> The current approach is clearly too restrictive and isn't satisfactory.
> Beyond the problems you mention, there really isn't a single standard for
> portability. Even 8.3 names aren't portable to systems which don't allow
> periods in names. A whole family of checkers is needed, giving various
> degrees of portability. Some should be supplied with the library, but
users
> also need to be able to provide their own.
> [...]

> <boost/filesystem/path.hpp> added this:
>
>     typedef bool (*is_portable_test)( string & candidate );
>
>     class scoped_portability_policy : noncopyable
>     {
>     public:
>       explicit scoped_portabiity_policy( is_portable_test f );
>       ~scoped_portabiity_policy();
>      };
>

I'm not sure 'portability' is the right word here.
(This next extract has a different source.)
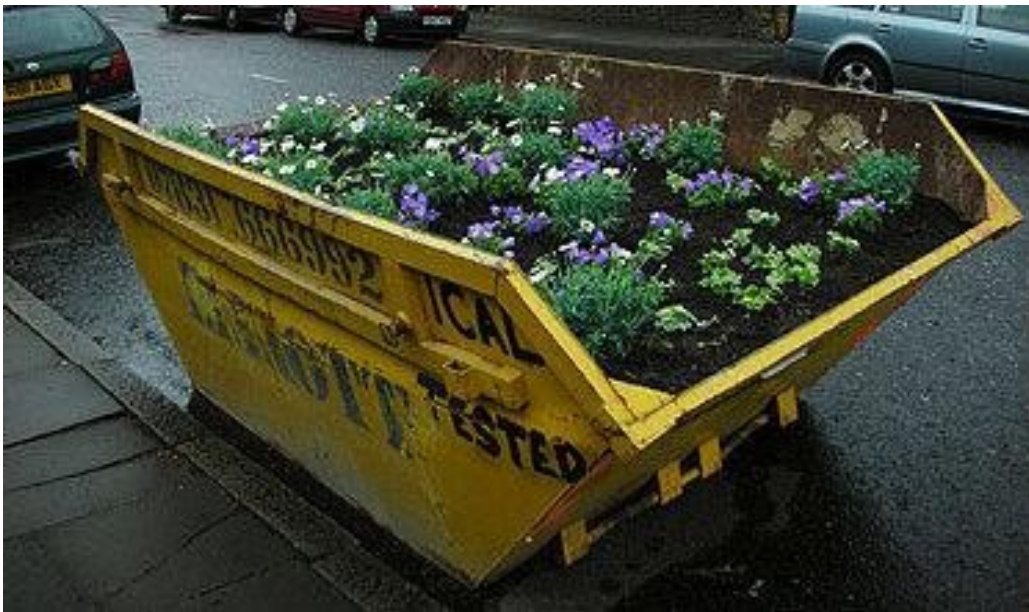
Slika 5. – Cvijeće u kontejneru

Guerilla gardening označava ukrašavanje pojedinih dijelova grada različitim biljkama. S obzirom na to da medij kojim oplemenjuju urbanu sredinu, guerilla gardening ne možemo poistovjetiti s umjetnošću grafita, murala i slično koji u središtu imaju likovne tehnike. S druge strane, ono što je zajedničko ovom aspektu streetarta i svim ostalim je taj što skupine koje sade bilje na prostoru grada taj postupak doživljavaju jednako kao i grafiteri svoj. Naime, jedni i drugi će svojim intervencijama utjecati na vizualni dojam urbanih struktura te će se koncentrirati na izražavanje kreativnosti u svrhu uljepšavanja. Često se koristi mahovina kojom umjetnici izrađuju “žive” grafite na površinama arhitekture. Slično kao i bombardiranje vunom, guerilla gardening ima cilj vizualno i estetski urediti pojedine prostore, šaljući istovremeno i kritiku suvremenom urbanizmu i gradu. Poznat je Međunarodni dan suncokreta. Guerilla vrtlari 1. svibnja svake godine sade suncokrete u svojim četvrtima, najčešće na mjestima koja djeluju zapušteno. Ova akcija traje od 2007. godine te svakom idućom godinom bilježi sve više sudionika. (September, 2022)

Since it can be overridden by the user, maybe a better name would be:
is_legal_name_test - and the user can override it to suit its needs.

I don't quite like is_portable_test, since I assume there is only
one 'portability', not more (at least, this is what I think, when
discussing portability). For instance, when talking about a portable name,
I assume there is a clear definition of what that means to everybody
(and I don't assume users could/should override that ;).


That said, instead of a scoped portability policy, which will go rather
bad with thread-safety, maybe, just a simple
set_legal_name_policy( is_legal_name_test f); would look better.

Users would (should) set this in main(), while there are no more threads,
and it could play nicely with thread-safety as well.